Pharmacokinetics of the metabolites of etravirine (M8 and M12)

Metabolite M12 showed slightly higher mean plasma concentrations when etravirine was given alone compared with when co-administered with omeprazole. In contrast, plasma concentrations of metabolite M8 were substantially lower when etravirine was given concomitantly with omeprazole than when given alone (data not shown). The AUC_24h of M12 was approximately 35% higher and that of M8 67% lower after administration with omeprazole. The parent/metabolite ratio for the AUC_24h of M12 showed no relevant change: 6.14 ± 1.68 (mean ± SD) when etravirine was administered alone vs. 6.30±1.55 when etravirine was given with omeprazole. The parent/metabolite ratio for metabolite M8 increased from 3.22 (SD ± 1.66) to 14.12 (SD ± 7.95) (Figure 3) when etravirine was administered alone or with omeprazole, respectively.

Ratio of AUC_24h of the parent drug *vs.* the etravirine metabolites M12 (a) and M8 (b) after the administration of a single dose of 100 mg etravirine alone and when co-administered with omeprazole 40 mg q.d. on day 8

Safety

No volunteers discontinued the trial due to an AE. Most AEs were mild or moderate in severity. The two most frequently reported AEs during the trial were headache (12 volunteers, 63%) and somnolence (eight volunteers, 42%), most of which occurred during omeprazole treatment. Two volunteers reported a grade 3 (severe) AE: one case of diarrhoea in the wash-out period 8 days after treatment with etravirine alone, doubtfully related to etravirine, and one case of increased lipase (grade 3) during the co-administration of etravirine and omeprazole, possibly related to both agents. Both events resolved without intervention. No grade 4 or serious AEs were reported. There were no consistent or clinically relevant changes in physical examinations, laboratory assessments, vital signs or ECG parameters.

Discussion

In our study, co-administration of a single tablet of 100 mg etravirine in HIV-negative volunteers treated with ranitidine 150 mg b.i.d. or omeprazole 40 mg once daily resulted in 14% lower and 41% higher exposure to etravirine, respectively, compared with administration alone, with no change or only a slight increase in C_max, respectively.

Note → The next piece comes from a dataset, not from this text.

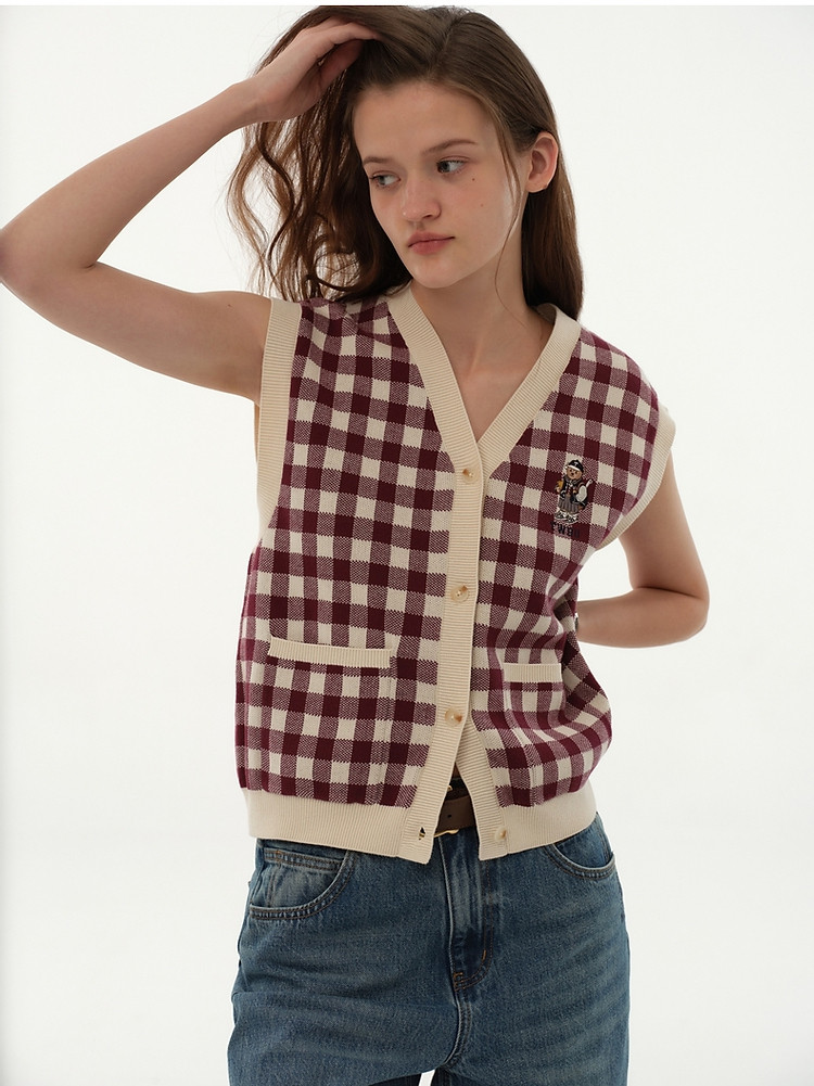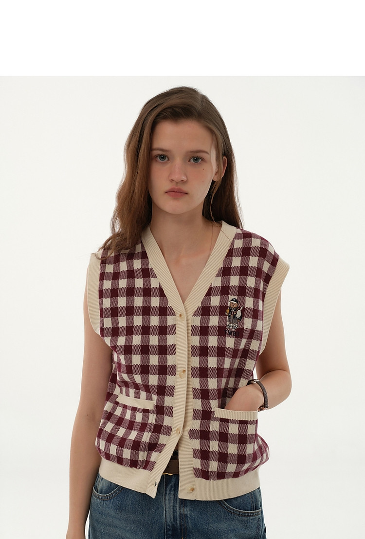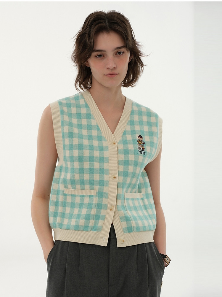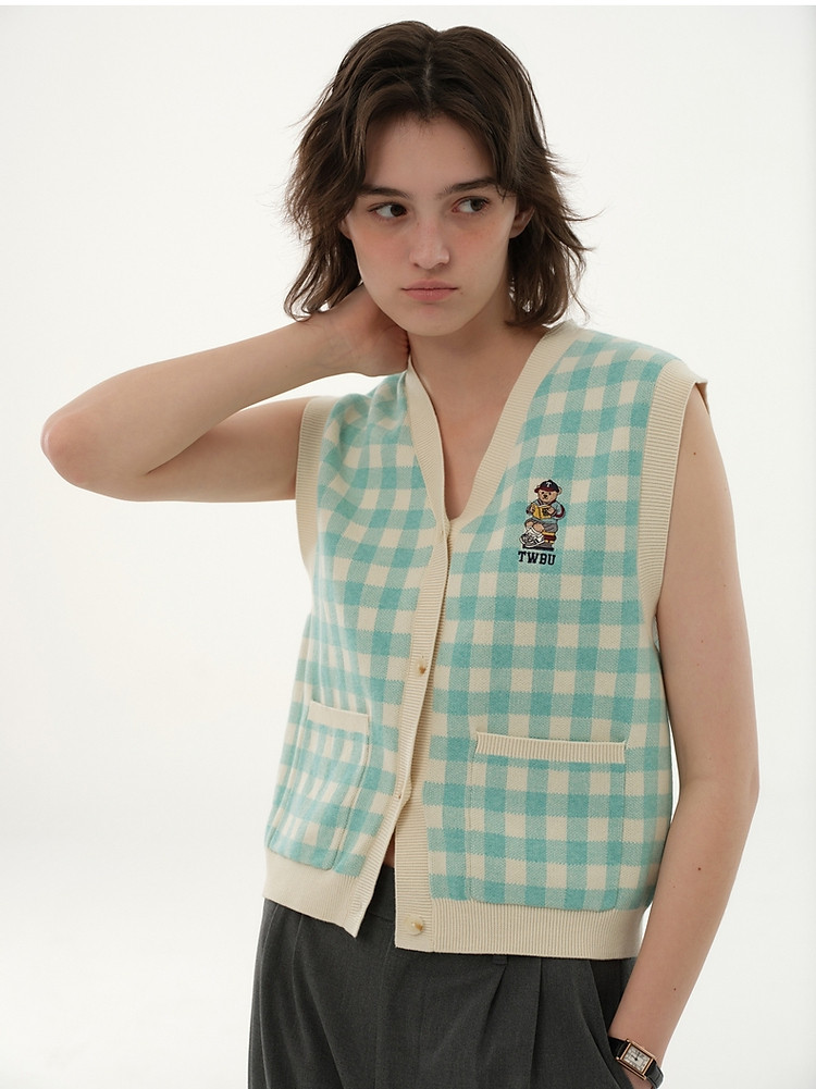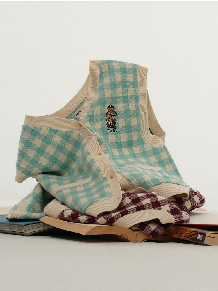 小熊多巴胺格纹毛衣开衫马甲背心针织衫 916929

The pharmacodynamic effects of the H₂ receptor antagonist ranitidine on gastric pH are typically less pronounced than those of omeprazole. Ranitidine suppresses gastric acid production by competitive histamine receptor blockade, whereas omeprazole directly and irreversibly inhibits gastric acid secretion by suppressing the activity of the H⁺/K⁺ ATPase, or proton pump [36, 37]. Moreover, a rapid decline of acid inhibitory effect (tachyphylaxis) occurs during treatment with H₂ receptor antagonists. Tolerance has been described already after 5–10 days of oral treatment with ranitidine 150–300 mg q.d. [36, 38]. Komazawa et al. have shown that after 14 days’ treatment with ranitidine 150 mg b.i.d. especially the nocturnal acid-inhibiting activity of ranitidine declined [39]. In our study, in order to allow enough time for enzyme induction or inhibition, a 7-day treatment regimen was chosen, which was potentially sufficient to develop tachyphylaxis to ranitidine. As no intragastric pH measurements were performed, the development of tolerance after 7 days of ranitidine treatment could not be assessed.

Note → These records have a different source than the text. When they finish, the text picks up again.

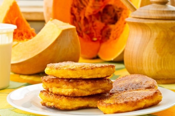 Оладьи из тыквы – красивые, вкусные и полезные. Их можно подавать вместе со сметаной или жидким медом.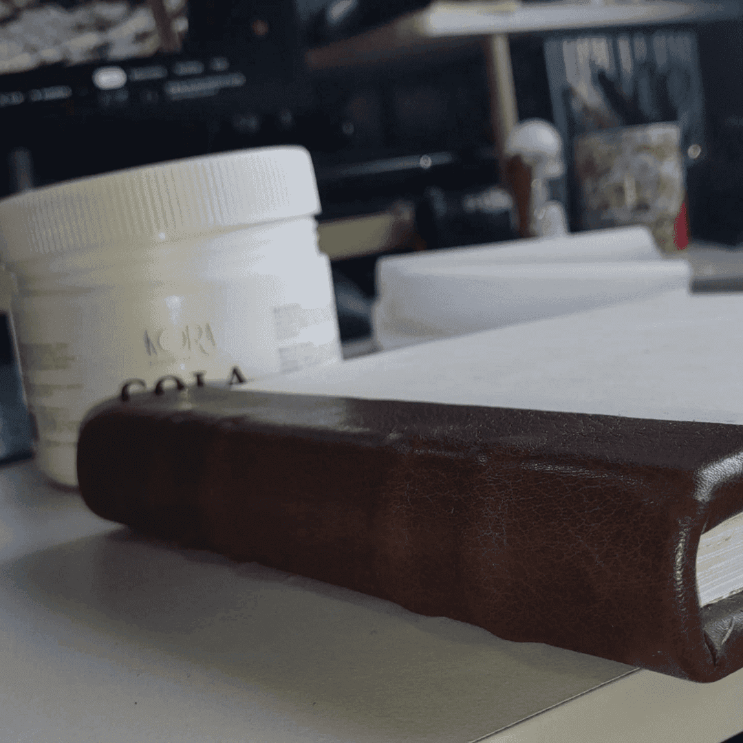 Opté por realizar una encuadernación tradicional utilizando cuero, madera y nervios reales. Además, me encargué de la maquetación del proyecto.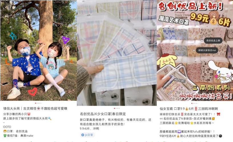 新消費品牌崛起的底層產品邏輯,就是產品具備高顏值、高品質、新奇的特點,滿足消費者差異化的需求,打造強社交貨幣感。撞色拼接、潮酷運動風、甜萌IP、抽象化的現代設計、山水畫水墨畫的傳統文化元素等,名創優品潮流藝術口罩的設計,不僅為用戶提供功能性和實用性,更能滿足用戶社交分享情感需求,反之,這種分享熱潮也將潮流藝術口罩塑造成為“強社交貨幣感”的產品,用戶在社交媒體平臺自發熱議分享種草。

PPIs have been shown to be substrates and inhibitors of P-gp in vitro[40]. As no appreciable influence of P-gp on the uptake of etravirine has been demonstrated in vitro (data on file, Tibotec), the role of P-gp as a causative factor in the increased exposure to etravirine when co-administered with omeprazole is unlikely.

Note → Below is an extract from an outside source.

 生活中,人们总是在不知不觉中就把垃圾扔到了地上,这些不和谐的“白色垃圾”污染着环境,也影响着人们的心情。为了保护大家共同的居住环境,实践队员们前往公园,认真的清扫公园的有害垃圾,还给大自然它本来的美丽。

A 15–40% delay in t_1/2 for gastric emptying during omeprazole treatment has been reported in the literature [41]. The rate of gastric emptying may play a role in drug absorption, enabling longer dissolution and mixing of the administered drug [42]. Since in this study etravirine was administered after the ingestion of a standardized breakfast, it is unlikely that the effect of omeprazole on gastric emptying as a single factor would lead to an additional 41% increase of exposure, although a minor effect cannot be excluded.

In order to gain a better understanding of the effect of omeprazole on etravirine pharmacokinetics, we performed a post hoc exploratory analysis of the two major metabolites of etravirine, M8 and M12. The formation of these metabolites has been shown to be catalysed by CYP2C19 and CYP3A4 [30]. An increase of the exposure to etravirine when co-administered with omeprazole was accompanied by an increase of exposure to metabolite M12 of approximately the same magnitude. Consequently, no change of the parent/metabolite ratio of AUC_24h for M12 was demonstrated after the administration of etravirine with omeprazole. On the other hand, a substantial decrease of the AUC_24h of M8 was observed, whereas exposure to the parent compound increased when etravirine was given in steady-state for omeprazole. This resulted in a more than four-fold increase of the parent/metabolite ratio for M8 (Figure 3). The effect of omeprazole on CYP3A4 has been shown to be either conflicting or demonstrating an induction [4, 22], which would ultimately result in a decrease of plasma concentrations of the parent compound and an increase of the metabolites, with a decrease of the metabolic ratio. Our findings therefore suggest a role of CYP2C19 in the metabolism of etravirine due to inhibition by omeprazole, affecting metabolite M8, rather than an effect on CYP3A4. Of note, an effect of reduced gastric acidity resulting in a slight reduction in the absorption of etravirine, as was shown with ranitidine but masked by metabolic changes when omeprazole is co-administered, can not be excluded.

Metabolic interactions with other PPIs will depend on the interaction potential of the co-administered drug. Evidence suggests that other drugs of this class have a weaker potential for interactions than omeprazole [4], therefore the magnitude of the interaction is not expected to be higher when etravirine is co-administered with these agents.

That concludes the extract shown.